Common Arguments
A few sets of arguments are common between multiple commands. These arguments are still part of the command itself and must be placed after the command name.
Global arguments
These arguments are available for all commands.
Global arguments:
--cpu-profile string Enable CPU profiling and write the result to the given path
--debug Enable debug logging
--gops-agent Start gops agent in the background
--gops-agent-addr string Specify the address:port to use for the gops agent (default "127.0.0.1:0")
--no-color Disable colored output
--no-update-check Disable update check on startup
--use-system-python Use the system Python instead of the embedded Python.
Project arguments
These arguments are available for all commands that are based on a Kluctl project. They control where and how to load the kluctl project and deployment project.
Project arguments:
Define where and how to load the kluctl project and its components from.
-a, --arg stringArray Passes a template argument in the form of name=value. Nested args
can be set with the '-a my.nested.arg=value' syntax. Values are
interpreted as yaml values, meaning that 'true' and 'false' will
lead to boolean values and numbers will be treated as numbers. Use
quotes if you want these to be treated as strings. If the value
starts with @, it is treated as a file, meaning that the contents
of the file will be loaded and treated as yaml.
--args-from-file stringArray Loads a yaml file and makes it available as arguments, meaning that
they will be available thought the global 'args' variable.
--context string Overrides the context name specified in the target. If the selected
target does not specify a context or the no-name target is used,
--context will override the currently active context.
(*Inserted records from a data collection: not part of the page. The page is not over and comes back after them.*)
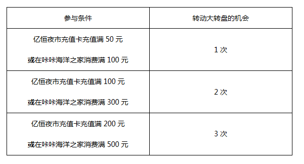 10月1日至7日,凡在億恒夜市服務中心辦理充值卡,或在咔咔海洋之家消費,即可憑小票或收據現場參與歡樂大轉盤。(小票僅限當天有效)
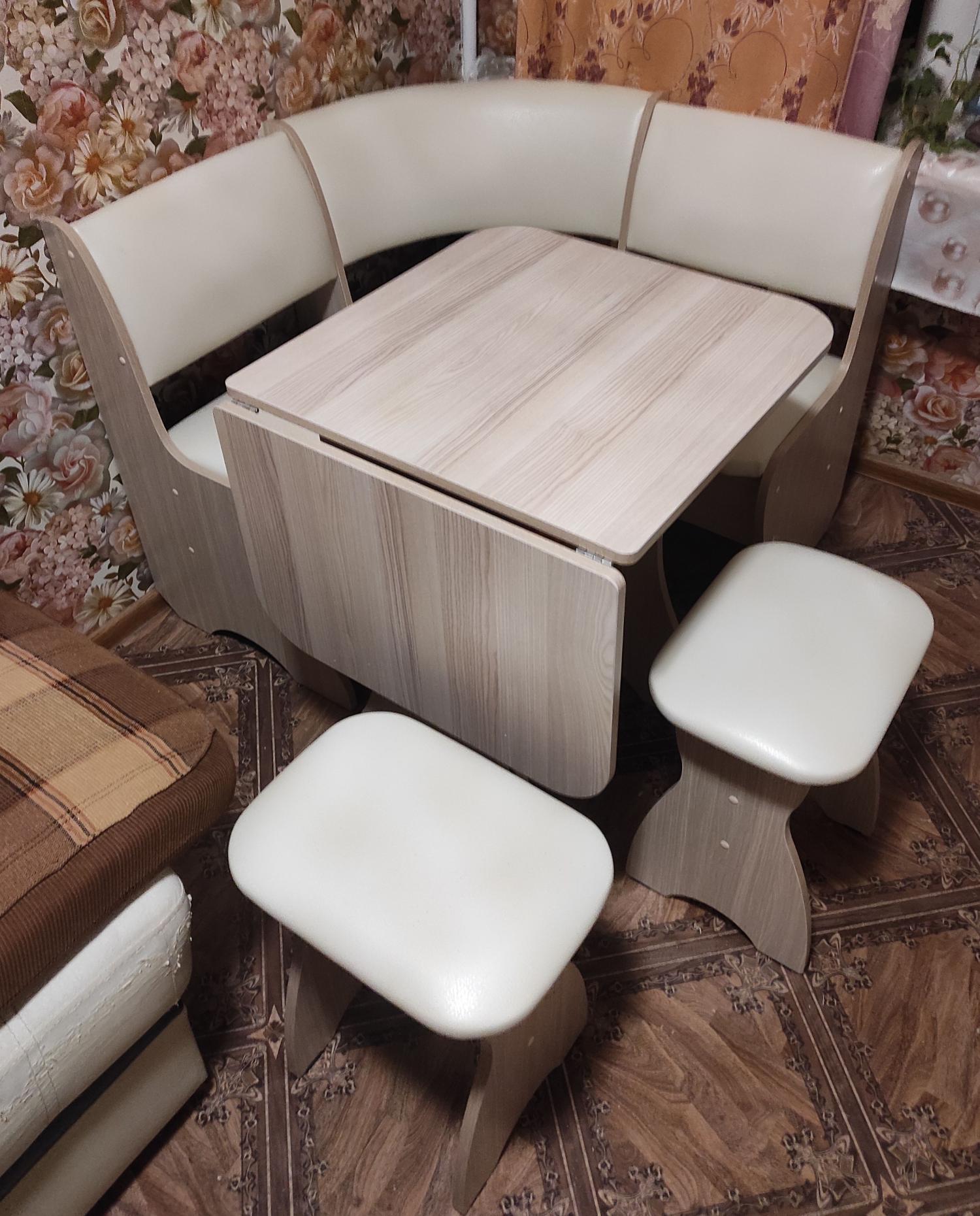 Удобный кухонный набор Тюльпан сделает Вашу кухню красивой и комфортной. Он удобен в пользовании, имеет мягкие сиденья и спинки, оборудован ящиками для хранения. В состав набора входят: уголок, стол и две табуретки с мягкими сиденьями. Стол выполнен с раскладной столешницей.Размеры кухонного уголка: Д1000 x Ш1000 х В840 мм
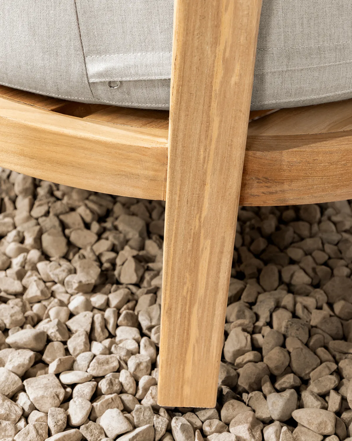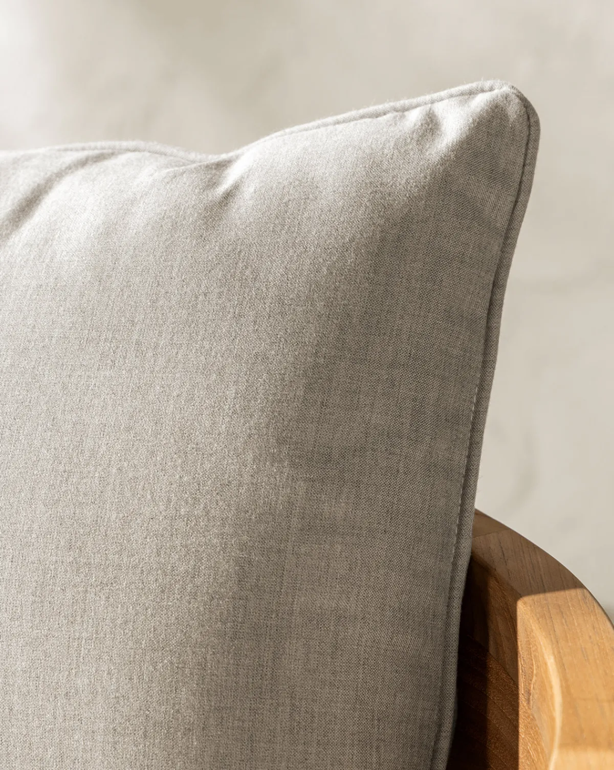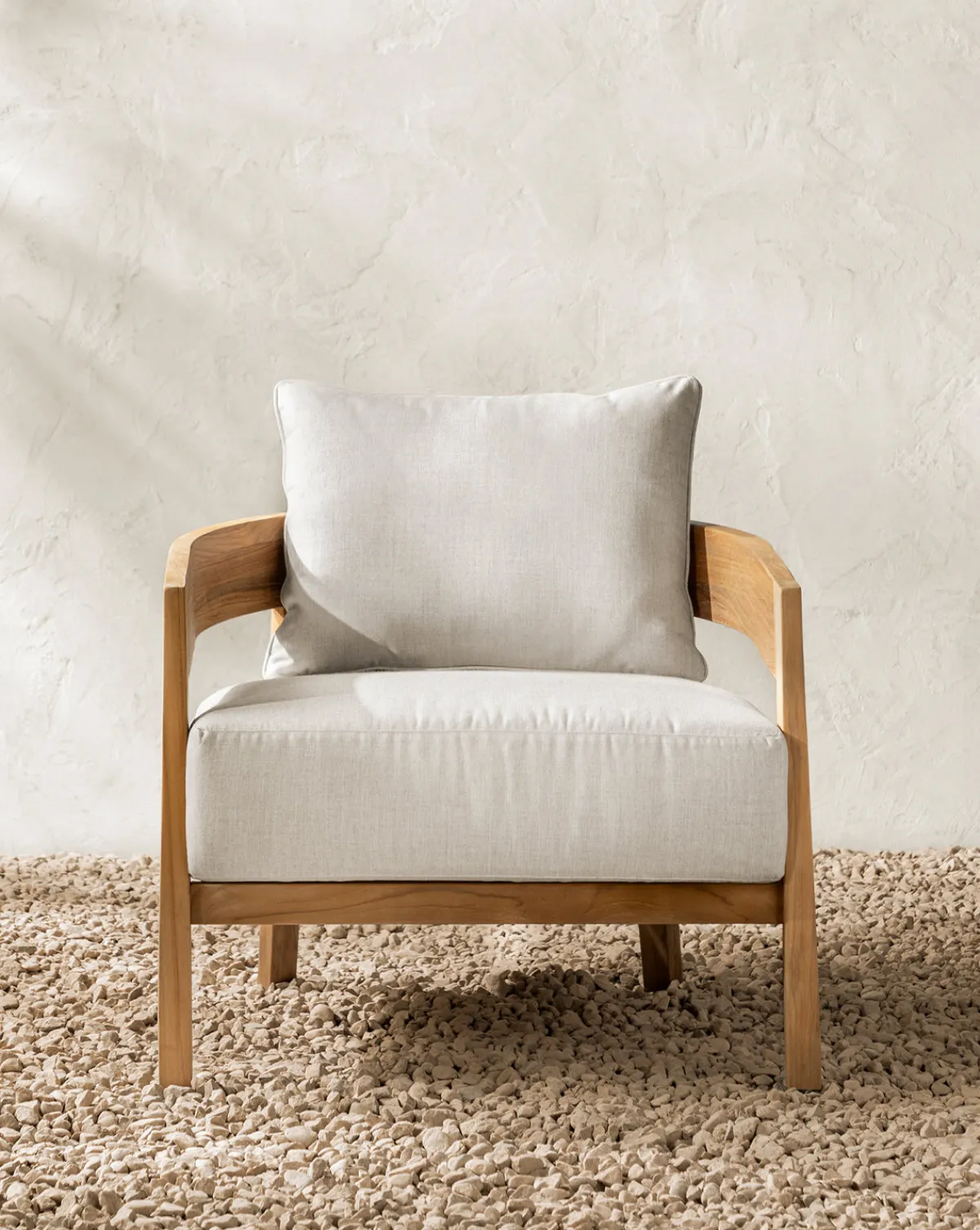 Bringing indoor elements to outdoor furniture, the Vento Teak Outdoor Chair gives balance to lounging. In a smooth, curved frame of high-quality teak wood, its curvature creates a beautiful shape in outdoor lounge spaces. Its cushions are thick and soft, with a moveable back pillow all upholstered in cast-silver Sunbrella fabric. Every element of this piece is all-weather, making it easy to incorporate the piece into barefoot basking without worrying about its durability in the sun.
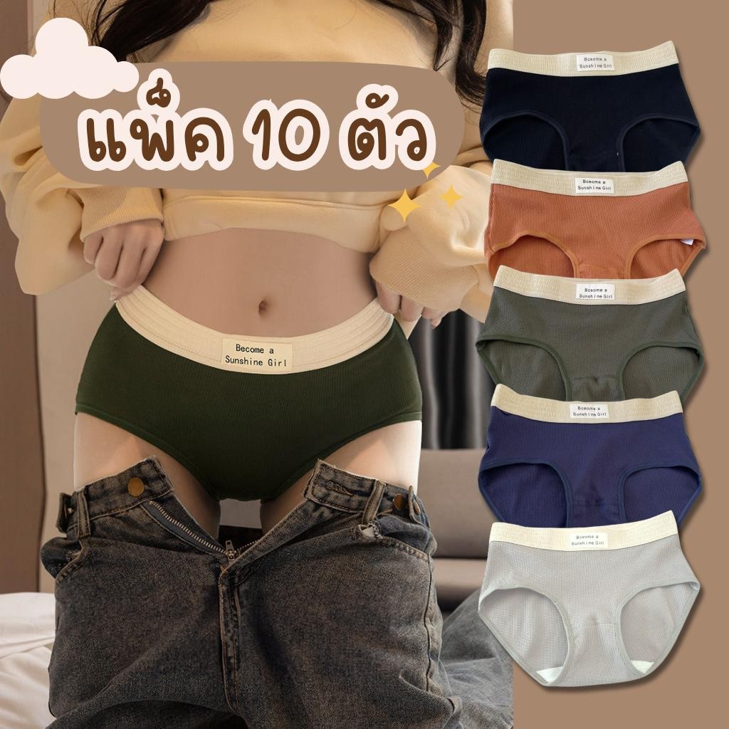 🌸พร้อมส่ง🌸 {เซ็ต 10 ชิ้น} กางเกงในดีไซน์เกาหลี ขายดีมาก! ราคาถูก คุณภาพดีเกินคุ้ม กางเกงชั้นใน ผู้หญิง สีพื้น
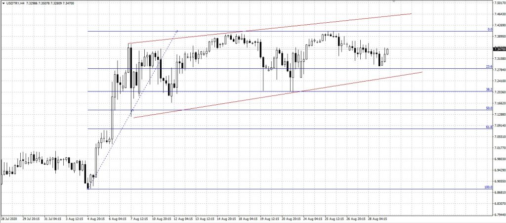USDTRY paritesinde jeopolitik ve siyasi risklerin bu dönemde ön plana çıktığını görmekteyiz. Özellikle Türkiye – Yunanistan ilişkileri fiyatlamalarda belirliyeci rol üstlenmektedir. Teknik açıdan baktığımızda yükselen kanal içerisinde hareket eden paritede 7.4000 direnç bölgelesi kritik önem arz ediyor.. Bu seviyenin geçilmesi halinde 7.43300 ve 7.4500 kanal dirençlerini takip edeceğiz. TL varlıklarının değerlenmesi halinde ise 6.87-7.40 yükselişinin fibonacci geri düzeltme seviyeleri olan sırasıyla %23.6 düzetlme seviyesi 7.2815 ve %38.2 düzeltme seviyesi 7.2000 destek bölgelerine doğru geri çekilmeleri izleyebiliriz.

--git-cache-update-interval duration Specify the time to wait between git cache updates. Defaults to not
wait at all and always updating caches.
--kubeconfig existingfile Overrides the kubeconfig to use.
--local-git-group-override stringArray Same as --local-git-override, but for a whole group prefix instead
of a single repository. All repositories that have the given prefix
will be overridden with the given local path and the repository
suffix appended. For example,
'gitlab.com/some-org/sub-org=/local/path/to/my-forks' will override
all repositories below 'gitlab.com/some-org/sub-org/' with the
repositories found in '/local/path/to/my-forks'. It will however
only perform an override if the given repository actually exists
locally and otherwise revert to the actual (non-overridden) repository.
--local-git-override stringArray Specify a single repository local git override in the form of
'github.com/my-org/my-repo=/local/path/to/override'. This will
cause kluctl to not use git to clone for the specified repository
but instead use the local directory. This is useful in case you
need to test out changes in external git repositories without
pushing them.
--local-oci-group-override stringArray Same as --local-git-group-override, but for OCI repositories.
--local-oci-override stringArray Same as --local-git-override, but for OCI repositories.
-c, --project-config existingfile Location of the .kluctl.yaml config file. Defaults to
$PROJECT/.kluctl.yaml
--project-dir existingdir Specify the project directory. Defaults to the current working
directory.
-t, --target string Target name to run command for. Target must exist in .kluctl.yaml.
-T, --target-name-override string Overrides the target name. If -t is used at the same time, then the
target will be looked up based on -t <name> and then renamed to the
value of -T. If no target is specified via -t, then the no-name
target is renamed to the value of -T.
--timeout duration Specify timeout for all operations, including loading of the
project, all external api calls and waiting for readiness. (default
10m0s)
Image arguments
These arguments are available on some target based commands.
They control image versions requested by images.get_image(...)
calls.
Image arguments:
Control fixed images and update behaviour.
-F, --fixed-image stringArray Pin an image to a given version. Expects
'--fixed-image=image<:namespace:deployment:container>=result'
--fixed-images-file existingfile Use .yaml file to pin image versions. See output of list-images
sub-command or read the documentation for details about the output format
Inclusion/Exclusion arguments
These arguments are available for some target based commands. They control inclusion/exclusion based on tags and deployment item pathes.
Inclusion/Exclusion arguments:
Control inclusion/exclusion.
--exclude-deployment-dir stringArray Exclude deployment dir. The path must be relative to the root
deployment project. Exclusion has precedence over inclusion, same as
in --exclude-tag
-E, --exclude-tag stringArray Exclude deployments with given tag. Exclusion has precedence over
inclusion, meaning that explicitly excluded deployments will always
be excluded even if an inclusion rule would match the same deployment.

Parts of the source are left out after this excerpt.